そのため、単位は「%」ではなく「g/m³」などが使われます。
この2つの違いは「割合」と「量」
少しややこしく感じるかもしれませんが、違いはシンプルです。
- 相対湿度:空気の「満タン具合」を表す割合(%)
- 絶対湿度:空気中にある水蒸気の「実際の量」(g/m³など)
そして、普段の天気予報や湿度計では相対湿度を見ることが多いため、まずは相対湿度を理解しておけば十分です。
天気予報の「湿度70%」や、湿度計に表示される「45%」も、基本的には相対湿度を示しています。
「同じ水蒸気量」でも湿度は違う?
空気は気温が高いほど多くの水蒸気を含める性質があります。
例えば、同じ量の水蒸気が空気中にあっても、
- 夏は空気がたくさん水蒸気を抱えられる
- 冬はあまり水蒸気を抱えられない
という違いがあります。
そのため、同じ水蒸気量でも気温によって湿度(相対湿度)は変化するのです。
この性質が、梅雨や夏の蒸し暑さ、冬の乾燥にも深く関係しています。
なぜ湿度が高いと暑く感じるの?
湿度が高いと汗が蒸発しにくくなり、体の熱がうまく逃げなくなるためです。
実は、私たちの体は「汗をかくこと」ではなく、汗が蒸発することで体温を下げています。

気温が高くなると、私たちの体は体温を一定に保つために汗をかきます。
汗は皮膚の表面で蒸発するときに、「気化熱」と呼ばれる熱を体から奪います。
この仕組みによって、体温が下がり、暑さを和らげられるのです。
つまり、汗をかくだけでは体は冷えません。汗が蒸発して初めて体温が下がるのです。
気化熱(きかねつ)
液体が気体になるときに周囲から奪う熱のことです。
例えば、アルコール消毒液を手につけるとスーッと冷たく感じます。これはアルコールが蒸発するときに、手の熱を奪っているためです。

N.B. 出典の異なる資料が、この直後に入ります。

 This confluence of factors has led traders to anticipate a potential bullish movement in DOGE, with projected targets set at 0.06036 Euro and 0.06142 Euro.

汗も同じ仕組みで、蒸発することで体を冷やしています。
湿度が高いと汗が蒸発しにくい理由
空気には、水蒸気を含められる量に限界があります。
湿度が高いということは、空気中にすでに多くの水蒸気が含まれている状態です。
そのため、新しく汗が蒸発して水蒸気になろうとしても、空気に入り込みにくくなります。

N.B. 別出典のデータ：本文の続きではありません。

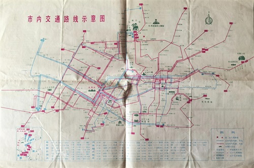 下图为1984年沈阳测绘局出版沈阳交通示意图。
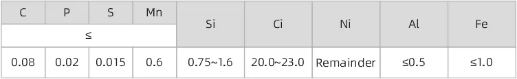 工作温度高达1200°C。其化学成分具有良好的抗氧化性结构稳定、电气物理性能稳定、高温机械性能好、冷变形塑性好、焊接性好、长期使用不脆性断裂、抗氧化性强等特点。

つまり、湿度が高いほど汗が蒸発しにくくなり、熱が体にこもりやすくなるというわけです。

気温が同じでも体感温度が変わる理由
例えば、どちらも気温30℃だったとしても、
- 湿度40%の日
- 湿度80%の日
では、多くの人が湿度80%の日のほうが暑く感じます。
これは、気温が同じでも汗の蒸発しやすさが違うためです。
「気温=暑さ」ではなく、湿度も体感温度を左右する重要な要素なのです。
湿度が高いと熱中症になりやすい理由
熱中症は、体に熱がたまり、体温調節がうまくできなくなることで起こります。
湿度が高いと汗をかいても蒸発しにくいため、体温が下がりません。
その結果、
- 体に熱がこもる
- 体温が下げにくくなる
- 熱中症のリスクが高まる
という流れになります。
そのため環境省でも、気温だけでなく湿度も熱中症予防の重要な要素として注意を呼びかけています。
エアコンの除湿で快適になるのはなぜ?
エアコンの除湿(ドライ運転)は、部屋の空気中に含まれる水蒸気を減らします。
すると湿度が下がり、汗が蒸発しやすくなるため、同じ室温でも涼しく感じやすくなります。
例えば、
- 室温28℃
- 湿度80%
の部屋よりも、
- 室温28℃
- 湿度50%
の部屋のほうが、快適に感じる人が多いでしょう。
つまり、エアコンの除湿は室温だけでなく「汗が蒸発しやすい環境」を作ることで、暑さを感じにくくしているのです。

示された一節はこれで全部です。